- _Recorded information_
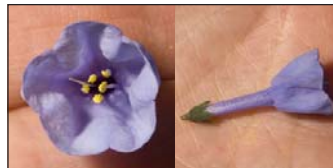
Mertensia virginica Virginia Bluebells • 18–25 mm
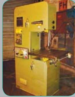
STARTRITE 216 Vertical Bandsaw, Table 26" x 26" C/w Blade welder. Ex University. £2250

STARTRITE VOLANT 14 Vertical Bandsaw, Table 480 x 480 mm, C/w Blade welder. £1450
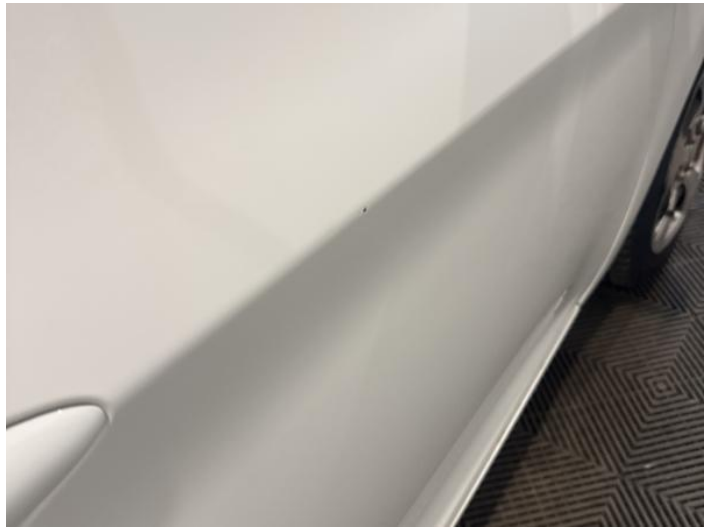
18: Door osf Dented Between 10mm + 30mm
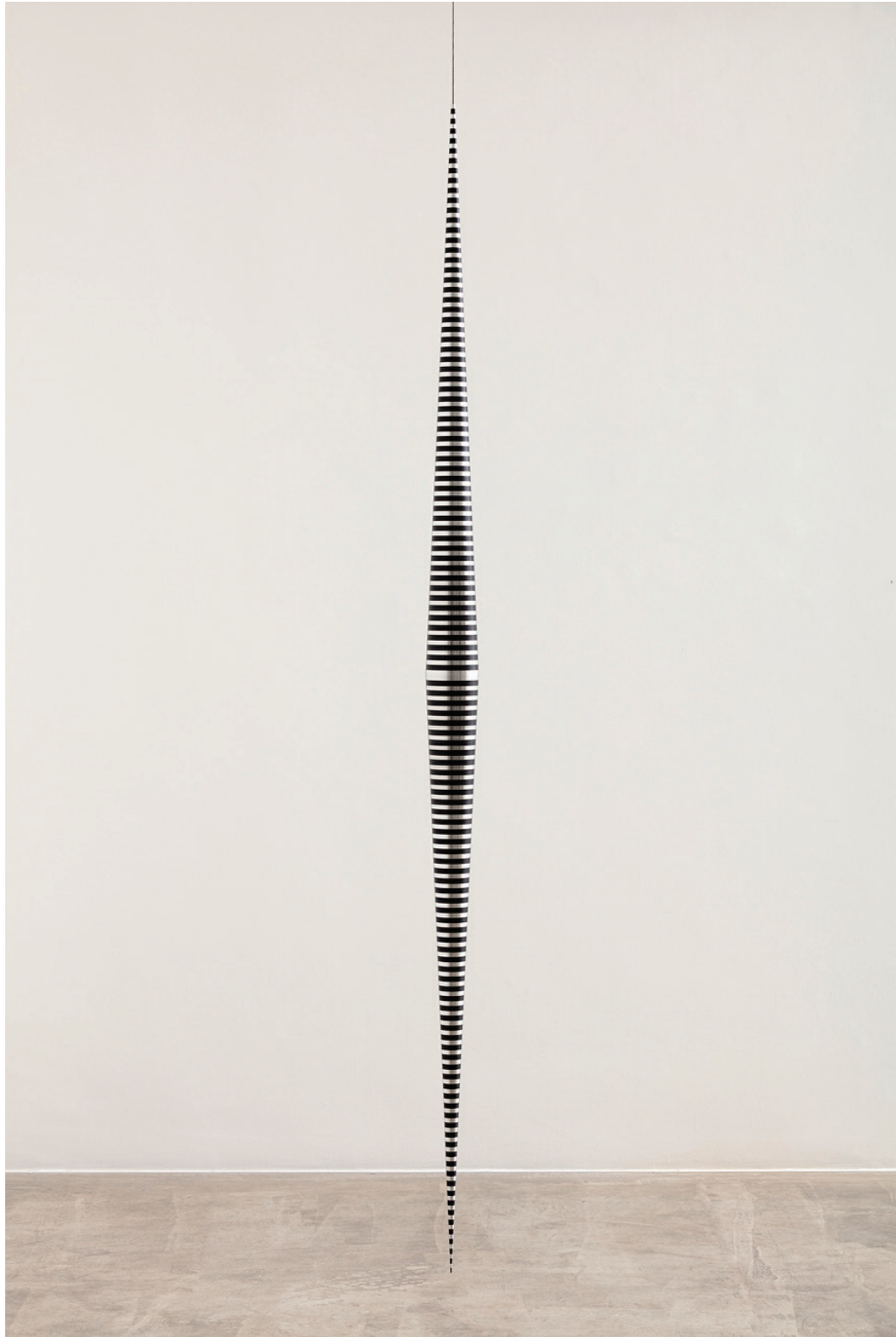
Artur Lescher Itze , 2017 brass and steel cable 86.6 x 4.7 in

- _Requirement_
Which lines above contain the word "Vertical"? Copy each one.

- _Result of this exercise_
STARTRITE 216 Vertical Bandsaw, Table 26" x 26" C/w Blade welder. Ex University. £2250
STARTRITE VOLANT 14 Vertical Bandsaw, Table 480 x 480 mm, C/w Blade welder. £1450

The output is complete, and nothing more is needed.